Je me faisais le porte-parole du comité de pharmacovigilance, qui avait analysé le dossier de Marseille ; je ne portais pas un jugement personnel. Vous considérez que j'ai pu imaginer qu'il n'y avait pas de lien entre le Mediator et la valvulopathie ; or ce lien, je l'ai démontré, tout en étant pourtant experte mandatée par Servier ! J'aurais pu dans mon étude ne parler que des fuites de grade 2, qui n'induisent pas de symptomatologie. Je pense avoir fait preuve d'une probité totale dans ma recherche et dans ma présentation des résultats. Je me suis livrée à une relecture indépendante de toutes les échographies, sans savoir à quel groupe appartenaient les patients.
Je regrette que les éléments à charge soient ressassés, tandis que l'on balaye un travail de fond, dont la rigueur n'a jamais été contestée, au motif qu'il n'aurait eu aucun impact sur la décision de retrait du Mediator, ou qu'il serait arrivé trop tard, et serait inutile. Cela me paraît injuste !
L'alerte date de 2003. Sans vouloir botter en touche, je rappelle que le Mediator n'était pas un produit de cardiologie. Il était essentiellement prescrit par des médecins traitants, voire des endocrinologues, souvent hors AMM.
En 2008, la Société française de cardiologie a tenu une session dédiée aux valvulopathies induites par les médicaments. Dès le retrait du Mediator, le site de la Société française de cardiologie relayait l'information. Étonnamment, malgré cette publication, malgré l'étude de suivi lancée dès 2009, l'information des cardiologues, notamment libéraux, n'a pas été patente, et n'a pas constitué l'alerte. C'est fort dommageable. Le président du Syndicat des cardiologues, qui a également relayé l'information auprès de la communauté cardiologique, a fait le même constat.
Parlant avec Mme Irène Frachon avant le retrait du médicament, en mars 2009, je m'étais étonnée de la sévérité des cas qu'elle rapportait. Je suis des valvulopathies au quotidien : le premier travail de l'échographiste est d'identifier une valvulopathie, d'en apprécier la sévérité et l'étiologie. En quinze ans d'exercice, je n'ai pas eu de signal de valvulopathie induite par ce traitement. J'ai indiqué à Mme Frachon que nous étions en train d'achever une étude de suivi ; par un hasard du calendrier, nous nous sommes retrouvées en 2009 dans la même session du Comité national de pharmacovigilance.
J'avais dit à Mme Frachon qu'il serait intéressant de reconduire son observation brestoise à l'échelle nationale, et je l'avais mise en contact avec le professeur Christophe Tribouilloy, président de la filiale d'échographie cardiaque de la Société française de cardiologie, pour aider à la diffusion de cette étude et au recensement de ces observations. Les résultats de l'étude ont colligé une quarantaine de cas, rapportés récemment. L'étude de suivi, lancée à la demande de l'Afssaps sur l'ensemble du territoire, donnera des informations factuelles sur un nombre beaucoup plus important de patients exposés au Mediator.
Vous m'interrogez sur des divergences entre experts sur la mortalité induite par le traitement par Mediator. Personne ne conteste qu'il y a eu des valvulopathies induites : sur ce point, aucune voix discordante. Mais l'appréciation de la mortalité induite peut être divergente, car une logique d'épidémiologiste se heurte à une méthodologie de clinicien. J'ai dit, après les déclarations de Servier, qu'il me paraissait indécent de restreindre la mortalité à trois décès.

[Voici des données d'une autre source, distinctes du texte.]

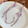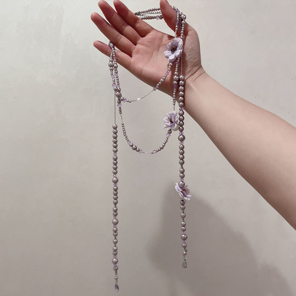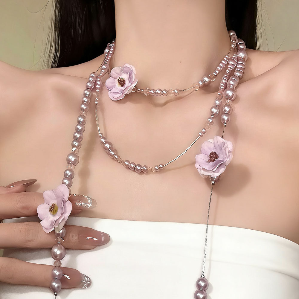 法式浪漫风紫色花朵珍珠水晶叠戴项链女长款多层锁骨链流苏毛衣链
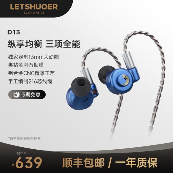 ¥639.00LETHUOER 铄耳D13是铄耳声学科技有限公司设计制造的新型动圈入耳式耳机。它配备了定制的 13 毫米 DLC 类钻石振膜动圈单元,这是我们团队的新研发成果。它是一款创新的动圈式入耳式高保真耳机 ,专为发烧友和音乐爱好者打造。 特征: ☆ 定制13mm的DLC类钻石振膜动圈单元 ☆ 标配两种不同的出音滤网,两种不同风格的听感体验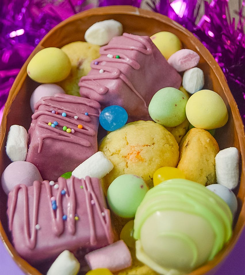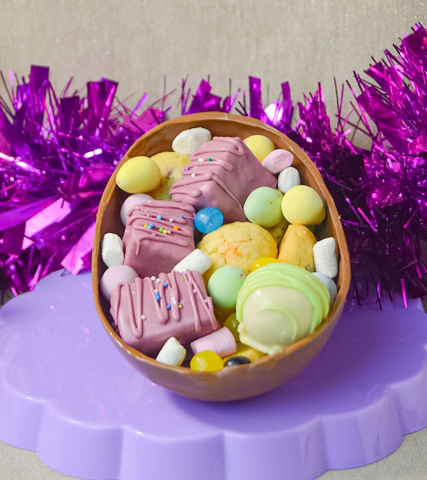 Pascua es esa época del año en la que todo se llena de color y el chocolate se convierte en el gran protagonista. Pero en Tartas Bastante Majas hemos querido ir un paso más allá y darle nuestro propio toque. Por eso hemos creado este huevo relleno de dulces artesanos, perfecto para regalar porque no va en la nevera, para irlo disfrutando cuando quieras (te durará poco jeje).
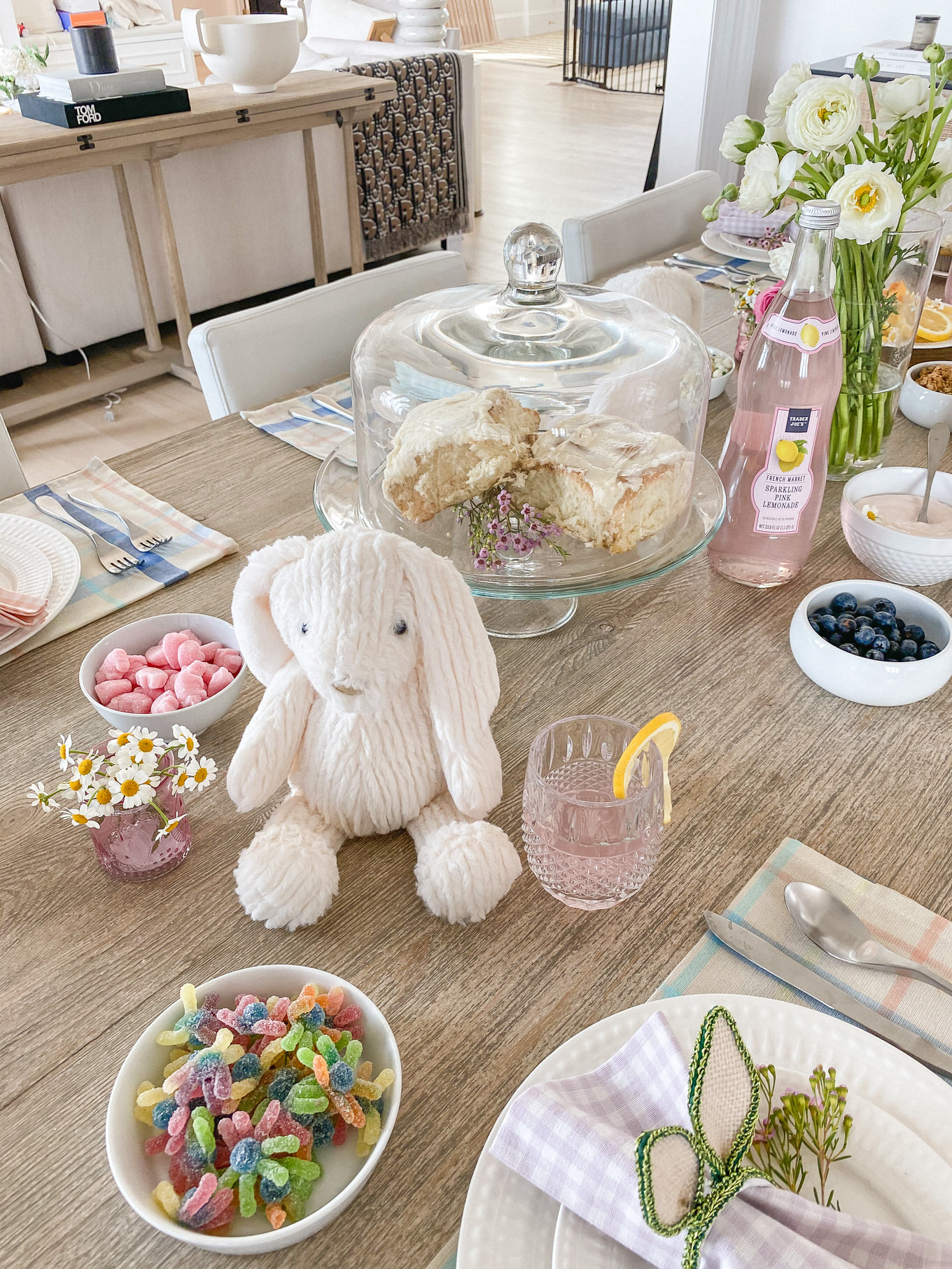 EASTER DECOR: PLAID NAPKIN SET (ON SALE UNDER $10) | PLUSH BUNNY (UNDER $20) | BUNNY EARS NAPKIN RING (ON SALE UNDER $15) | GINGHAM NAPKIN SET (ON SALE UNDER $15) | CANDY SET (CAREFUL WITH THE CUPCAKE BITES – THEY ARE ADDICTING!)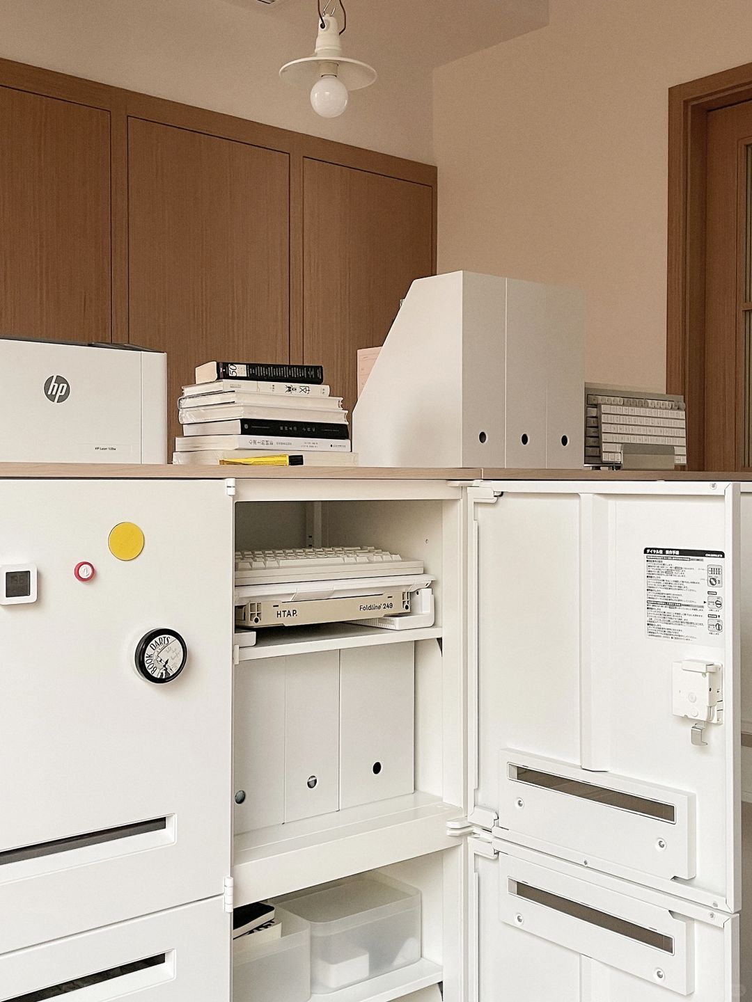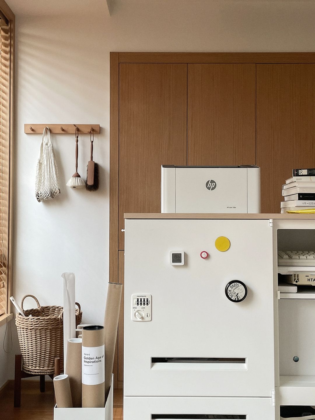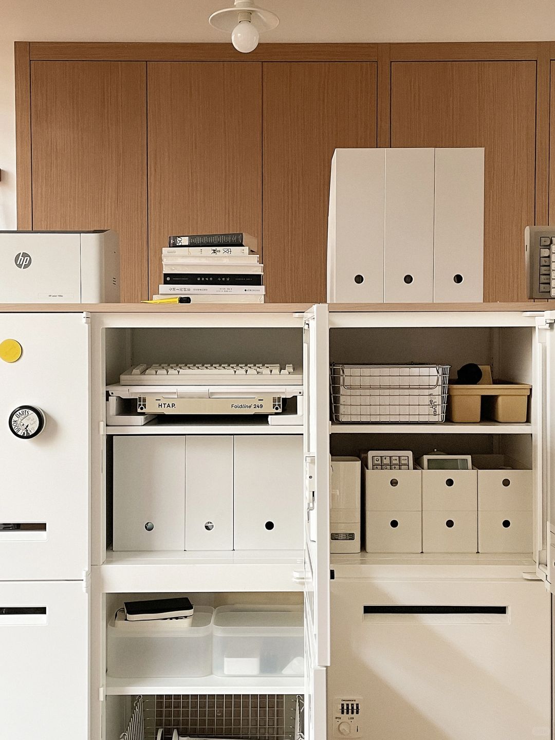 这样两只大白铁皮柜子, 兼具了颜值和收纳, 已经是书房的核心啦, 可以做书柜可以做杂物收纳, 简简单单的造型不翻车~ 用了一年依然是全屋zui爱!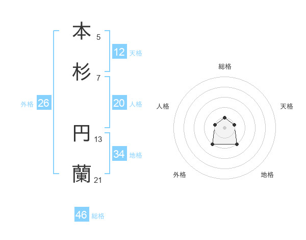 本杉 円蘭さんの総格は46画の1点!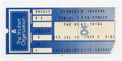 A ticket Stub from a performance at the Plymouth Theatre in New York City of The Real Thing on July 18, 1984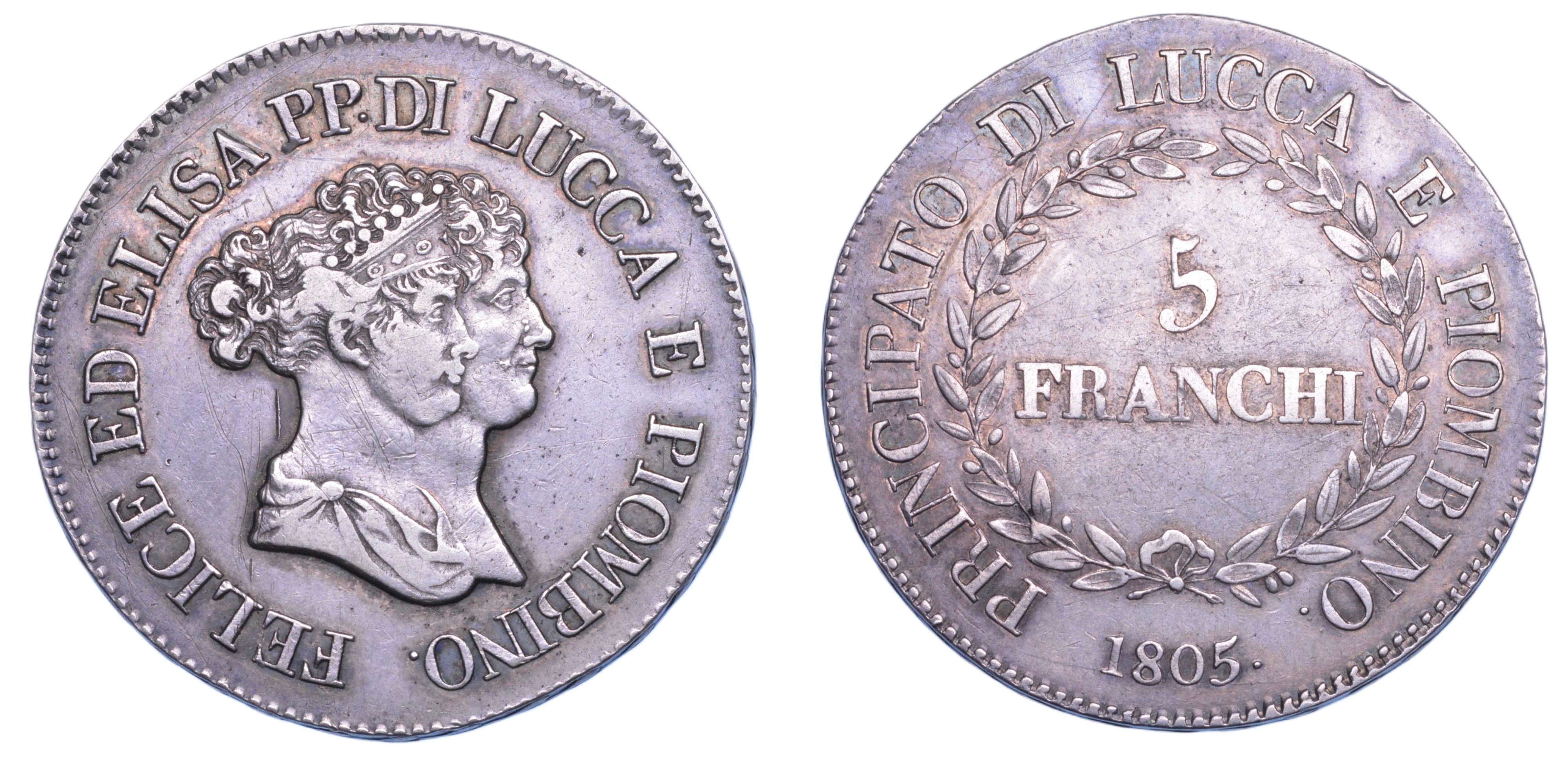 LUCCA. ELISA BONAPARTE E FELICE BACIOCCHI, 1805-1814. 5 Franchi 1805.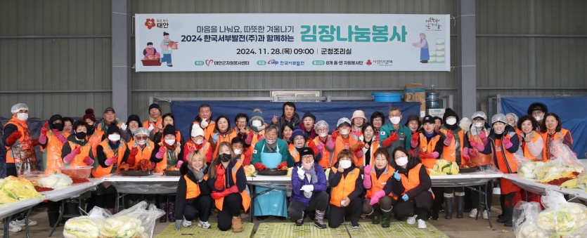 2024.11.28(목) 태안군자원봉사센터에서는 마을을 나눠요, 따뜻한 겨울나기 '2024 한국서부발전(주)와 함께 하는 김장나눔봉사'가 진행되었습니다.

Un seul décès est déjà un de trop ! Il n'y a pas de bagarre, mais une discussion entre experts sur les méthodes de calcul, car on ne saura jamais combien de décès sont liées à cette molécule.
Il faudrait revenir sur la cohorte de patients rassemblés par la Cnam, permettre à des experts cardiologues de revoir les dossiers des soixante-quatre patients décédés et d'adjudiquer la mortalité sur une cause cardiovasculaire ou non ; de retrouver les données précises des échographies cardiaques, des chirurgies, voire des anatomopathologies. L'étude de suivi va apporter des informations importantes. Elle va éclairer la sévérité de cette pathologie, pour les patients et pour la justice. La logique épidémiologique, dont je ne nie pas la valeur, repose sur un nombre de patients potentiellement biaisé par des erreurs d'allocation ; cela mérite qu'on y revienne.